During my visit to Palestine in October 2011, along with IBSA counterparts, we participated in the official opening of the IBSA-funded Sport Stadium in Ramallah. This is in line with our belief that sports can play an important role in bringing together divided communities as we have witnessed during apartheid in our segregated townships.

We also believe in the power of cultural diplomacy and as such, the Palestinian Minister of Culture Mr Siham Mohammad Abdel Salam Barghouty accompanied by the Deputy Minister of Culture, Mr Musa Abugharbieh, visited South Africa during February 2012, on which occasion an agreement on cooperation in the field of Arts and Culture was signed with Minister Mashatile.  In March 2012, the Deputy Minister of Cooperative Governance and Traditional Affairs visited Palestine.

South Africa contributes financially toward the activities of the United Nations Relief and Works Agency for Palestine (UNRWA)- the latest contribution for 2012 amounting to US$ 243 457 and has provided diplomatic training to Palestinian officials as part of its capacity building project for the nascent state. If many of you can recall, during our struggle against Apartheid, Anti-Apartheid solidarity groups around the world, formed scholarships and support funds to train our people so that we can have the necessary skills to run our country post freedom as we are doing today.

Friends, economic diplomacy could be one of the most effective weapons of change in the Palestinian situation. Palestinians and their supporters, inspired by the economic boycott of apartheid-era South Africa, have been trying for years to emulate our success in that terrain. Until now their campaign of divestment and boycott has had negligible economic effect, but the voice of our government could be a symbolic boost. However, I am glad to inform you that our Government, through the Ministry of Trade and Industry (DTI) has recently, in May 2012, released a Government notice 379 of 2012, as a strategy to apply economic pressure on Israel.

In this regard allow me to quote extensively from the South African Government notice, which was issued in terms of section 24 of the consumer protection Act number 68 of 2008, by the Minister of the DTI.

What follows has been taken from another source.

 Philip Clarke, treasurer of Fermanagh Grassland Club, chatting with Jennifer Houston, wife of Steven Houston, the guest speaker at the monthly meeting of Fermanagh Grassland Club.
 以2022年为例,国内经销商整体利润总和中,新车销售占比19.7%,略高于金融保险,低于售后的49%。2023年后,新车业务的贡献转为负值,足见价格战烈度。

This notice require traders in South Africa, not to incorrectly label products that originate from the Occupied Palestinian Territory (OTP) as products of Israel. The Open Shuhada Street org (Open Shuhada) has alleged that products of Ahava such as cosmetic brands, technology and soft drinks are being distributed in South Africa as products that originate in Israel whereas they originate from the OTP. In this regard consumers in South Africa should not be misled into believing that products originating from the OTP are products originating from Israel. The burden for providing where the products originate will lie with traders. The Government of South Africa recognise the State of Israel only within the borders demarcated by the United Nations(UN) in 1948.Such demarcated borders of Israel by the UN do not include Palestinian Territories occupied after 1967”.(close quote)

Although this initiative has been opposed by those who sympathize with Israel here at home and abroad, there are progressive Israeli forces who commended this initiative by our government. One such forces is Israeli scholar Neve Gordon who made the following comments, I quote

“South Africa's recent demand that products originating in Jewish settlements in the occupied West Bank and Golan Heights remove the label "Made in Israel" is extremely significant - much more so than the European Union's decision to deny these products preferential status and subject them to customs duty”.(close quote).

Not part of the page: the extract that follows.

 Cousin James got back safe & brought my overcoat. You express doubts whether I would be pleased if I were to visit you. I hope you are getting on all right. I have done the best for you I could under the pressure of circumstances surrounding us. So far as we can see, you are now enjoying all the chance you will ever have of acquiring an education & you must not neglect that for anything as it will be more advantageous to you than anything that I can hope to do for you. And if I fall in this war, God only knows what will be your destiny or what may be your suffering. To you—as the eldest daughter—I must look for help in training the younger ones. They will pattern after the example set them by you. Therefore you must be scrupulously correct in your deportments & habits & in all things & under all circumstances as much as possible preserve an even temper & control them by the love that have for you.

Speaking about how this government initiative will empower the South African civil society, Dr Gordon is quoted as having said that” 

The recent South African decision is very different, even though it also is based on rules of origin. By requiring Israel to change the label of products manufactured beyond the Green Line, South Africa empowers its own civil society, enabling consumers to decide whether or not they want to purchase a given product. This may very well provide the necessary incentive to push Israeli companies in the Occupied Territories to move back to Israel. The South African decision not only undermines the fraudulent practice of labelling products made outside Israel as if they were made in Israel, but more importantly, it empowers consumers by allowing them to shop in a way that accords with their moral convictions. If the United Kingdom and Denmark follow suit, then other countries will also likely join the bandwagon, making it possible for international civil society to help - in concrete ways - put an end to Israel's occupation”. (close quote).

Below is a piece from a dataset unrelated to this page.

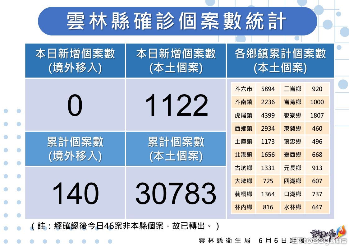 雲林今(6)日新增1122例本土確診個案,分別為斗六212例,虎尾174例,西螺126例,斗南90例,古坑61例,麥寮、崙背51例,土庫、北港48例,莿桐46例,二崙39例,林內34例,大埤、水林19例,口湖、四湖16例,東勢、元長15例,褒忠14例,台西30例個案分佈20鄉鎮。

Ladies and Gentleman, since the defeat of apartheid in South Africa was not only driven by states who were sympathetic with our course, but was driven mainly by the organized structures such as the anti-apartheid movements, we need to ask ourselves what role could the South African and international civil  society play in supporting this noble Palestinian course.

In this regard, I am highly inspired by the role played by organizations such Open Shuhad Street, PSG, the MJC, Al Quds Foundation and others.

I also want to share with you an initiative as part of our practical involvement in the Palestinian cause, within the context of the centenary celebration, and in honour of our struggle heroine, Comrade Dulcie September.

She was born here in Athlone, Western Cape, South Africa. At the end of 1983, September was appointed ANC Chief Representative in France, Switzerland and Luxembourg.

On the morning of 29 March 1988, September was assassinated outside the ANC's Paris office at 28, Rue des Petites-Ecuries, as she was opening the office after collecting the mail. She was shot five times from behind with a 22-calibre silenced rifle. If she was here with us today, she would explain best how important international solidarity is for oppressed and dispossessed people of the world, from her experience with our very own which she fought and died for. In her honour, Municipality of Arcuille in France has established twinning with Athlone through our Embassy in Paris in 2006, which must be implemented and set an example for many of this kind with Palestinian municipalities/local authorities. This will help to promote people-to-people cooperation and economic diplomacy which my department can assist with.

We want to pursue extending the twinning relations between Athlone and Arcuille municipality in France to include a Palestinian local authority, to make a trilateral cooperation. Through our Embassies abroad, we can approach United Nations Decentralised Cooperation Unit dealing with multilateral twinning of local governments to support this proposed initiative.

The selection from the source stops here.